A few more notes on Lyons:

Its silk-weavers had a far longer tradition of militancy than craftsmen in Paris. The 18th century saw many violent conflicts between employers and employees. In 1786 they had fought for a minimum wage, and for the first time identified themselves as a 'class' exploited by their masters. Thus class consciousness first appeared here in time for the revolution of 1789. The workers lived in densely packed suburbs like La Croux Rousse and Parrache.
In November 1831 the weavers rose in rebellion, chanting the slogan 'Vivre en travaillant ou mourir en combattant' (Live working or die fighting), overpowered the local garrison and took control of the city. Lacking organisation, they accepted a compromise and returned to their districts. They then organised in the Society of Mutual Duty and prepared for a general strike - Mutuellism was therefore banned by the Paris Government and its members arrested. This then led to further uprisings, spreading to Paris etc...

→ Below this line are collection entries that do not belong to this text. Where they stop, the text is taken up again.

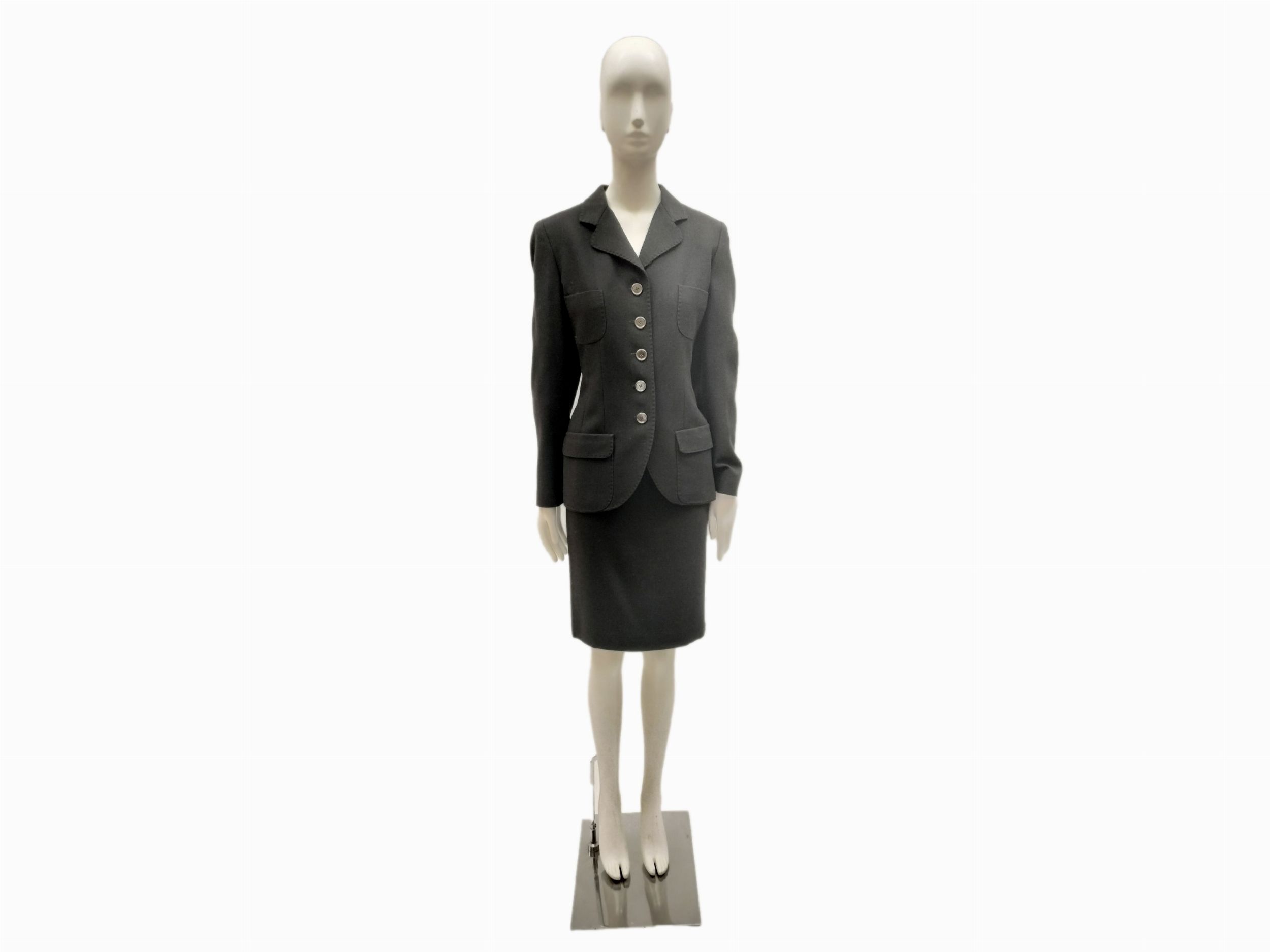 composto da giacca avvitata con bottoni in metallo ed una gonna a tubino sotto il ginocchio
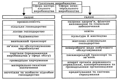 Суспільне виробництво структурно неоднорідне. Воно включає в себе два види (сфери) виробництва: матеріальне та нематеріальне виробництво (див. Рис. 2.3. Структура суспільного виробництва [1, c. 52 ]
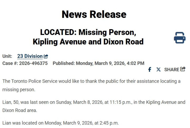 | | 多伦多警局发布通告,请求公众协助寻找一名失踪的华人女子。50岁的Lian最后一次被看到,是在3月8日周日晚上11点15分左右,地点位于Kipling Avenue与Dixon Road一带。... 时间:2026-03-09 22:52:14 | |
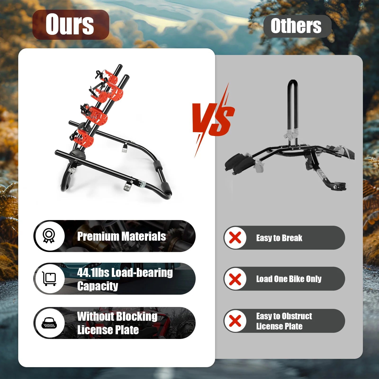 Foldable Car Trunk Bike Rack Auto Bicycle Rack Carrier 3 Bikes Trunk Mount for Most Hatchbacks, Sedans, SUVs, Vans
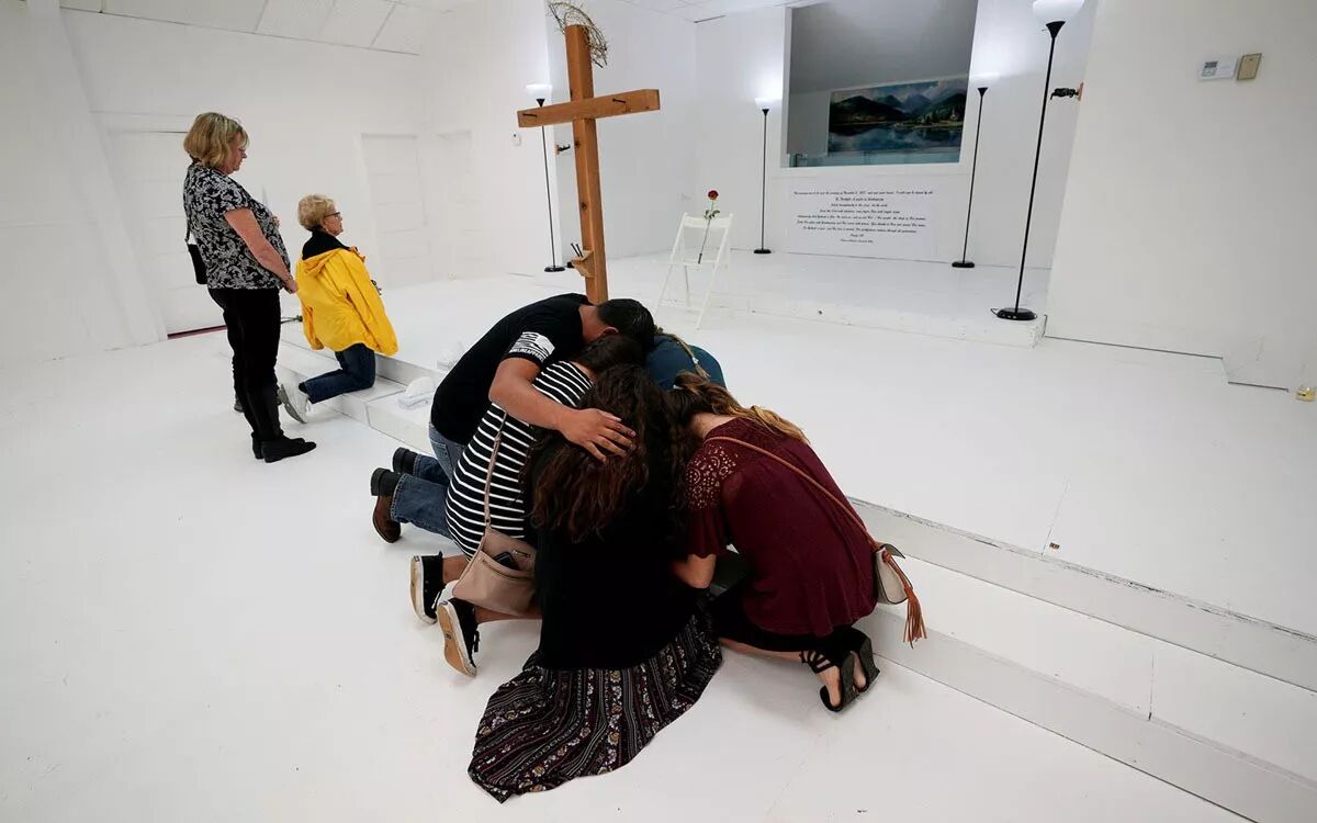 36.人们在得克萨斯州 Sutherland Springs 的第一浸信会教堂祈祷,一周前,有26人在那里的一次枪击事件中被杀。2017年11月12日,教堂向公众开放,纪念那些被杀的人。
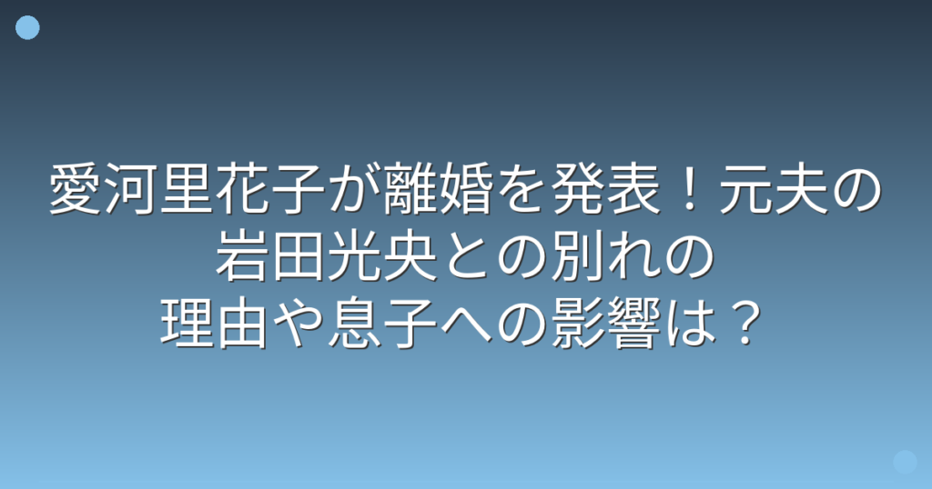 愛河里花子が離婚を発表!元夫の岩田光央との別れの理由や息子への影響は?
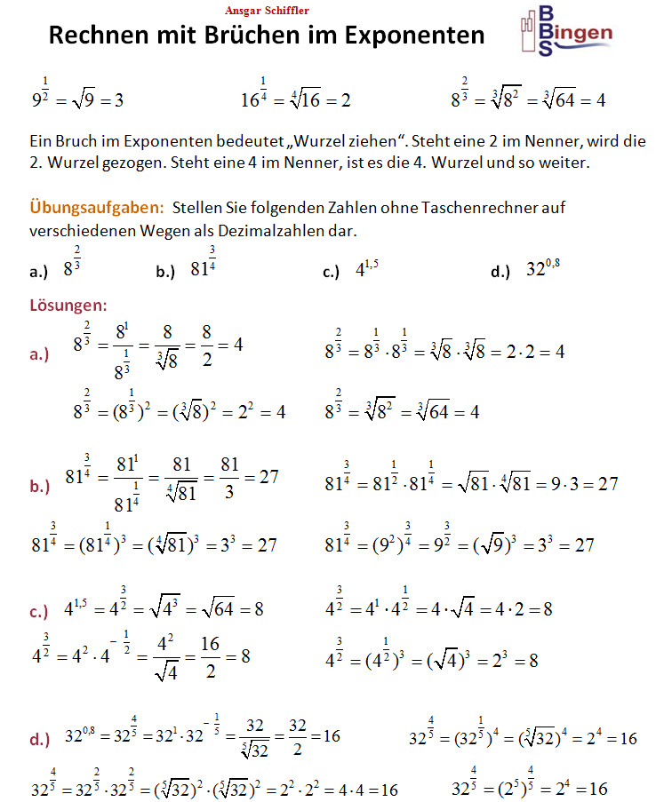 zurück zu 'Übungsaufgaben "Rechnen mit Potenzen"
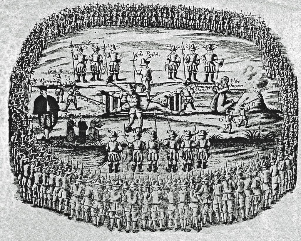 Meanwhile the monks were exerting themselves with the utmost diligence, complaining and inciting commotion, and they achieved what they wanted. For on Friday night, after midnight, before the Third Sunday of Advent, forty or fifty armed men arrived in Meldorf, using the monks’ lamps for their light, and, full of Hamburg beer, they forcibly entered the pastor’s house in a hostile manner and cruelly dragged Christ’s martyr out of bed. After tying him to the tail of a horse, they dragged him with great exaltation to Heide, which is a good mile distant from Meldorf.1 When they arrived there, they threw him into the cellar of a certain priest. Everyone was drinking, singing, and making sport.
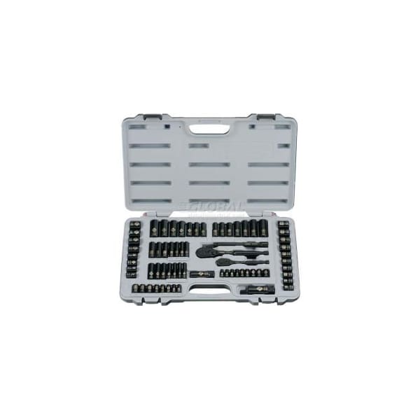 STANLEY® 92-824, 69 PIECE FRACTIONAL/METRIC LASER ETCHED SOCKET SET BLACK CHROME FINISH FOR ANTI-CORROSION PROTECTION AND ATTRACTIVE APPEARANCE. LASER-ETCHED MARKINGS FOR SIZE VISIBILITY. CHROME VANADIUM FORGED BODY FOR TORQUE, STRENGTH AND DURABILITY. QUICK RELEASE SWITCH AND REVERSIBLE MECHANISM FOR EASY OPERATION. KNURLED HANDLE FINISH FOR SLIP RESISTANCE. MEETS OR EXCEEDS ANSI SPECIFICATIONS. CONTAINS: (33) 3/8" DRIVE SOCKETS, (30) 1/4" DRIVE SOCKETS, (1) 3/8" DRIVE PEAR HEAD RACTHET, (1) 1/4" DRIVE PEAR HEAD RATCHET, (1) 3/8" DRIVE SPARK PLUG SOCKET-5/8", (1) 3/8" DRIVE SPARK PLUG SOCKET-13/16", (1) 1/4" DRIVE EXTENSION BAR-3", (1) 3/8" DRIVE EXTENSION BAR-6", BLOW MOLDED CARRY CASE
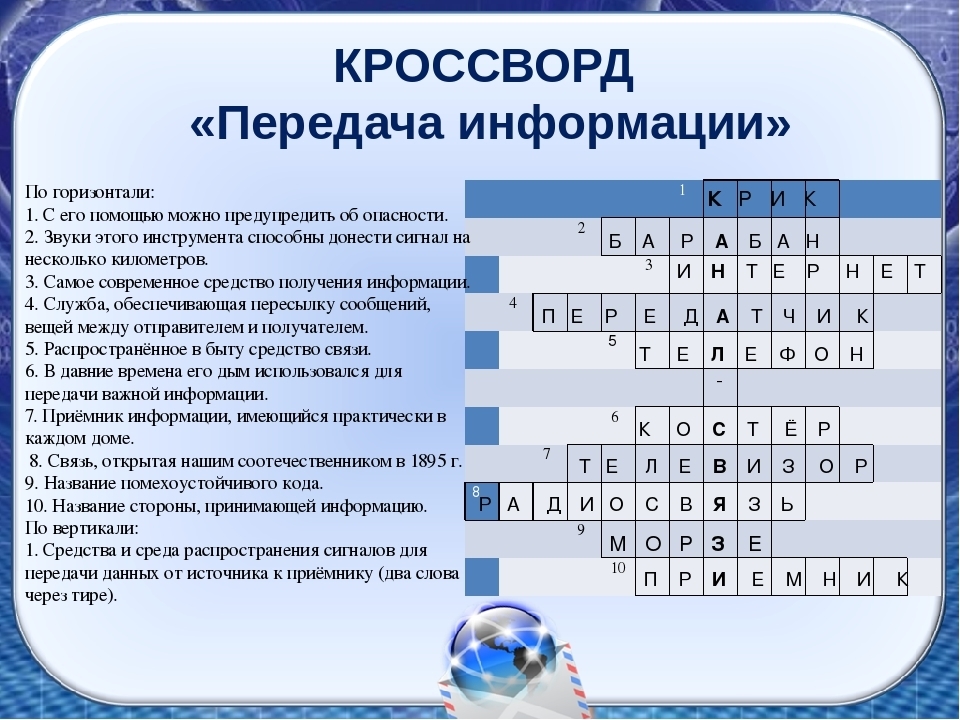 Разгадайте кроссворд передача информации 4) служба обеспечивающая пересылку сообщений, Вещей между отправителем и получателем

Blanqui was the first to use the term 'proletarire' in 1832.

From George Rude's 'Ideology and Popular Protest'.

The final word here from Jean Genet, who wrote it on the wall in Paris in 1968:
"C'est triste a dire, mais je ne pense que l'on puisse vaincre sans les drapeaux rouges et noires. Mais ils faut detrure - apres."
= Unfortunately I don't think we can win without the red and black flags. But they must be destroyed - afterwards.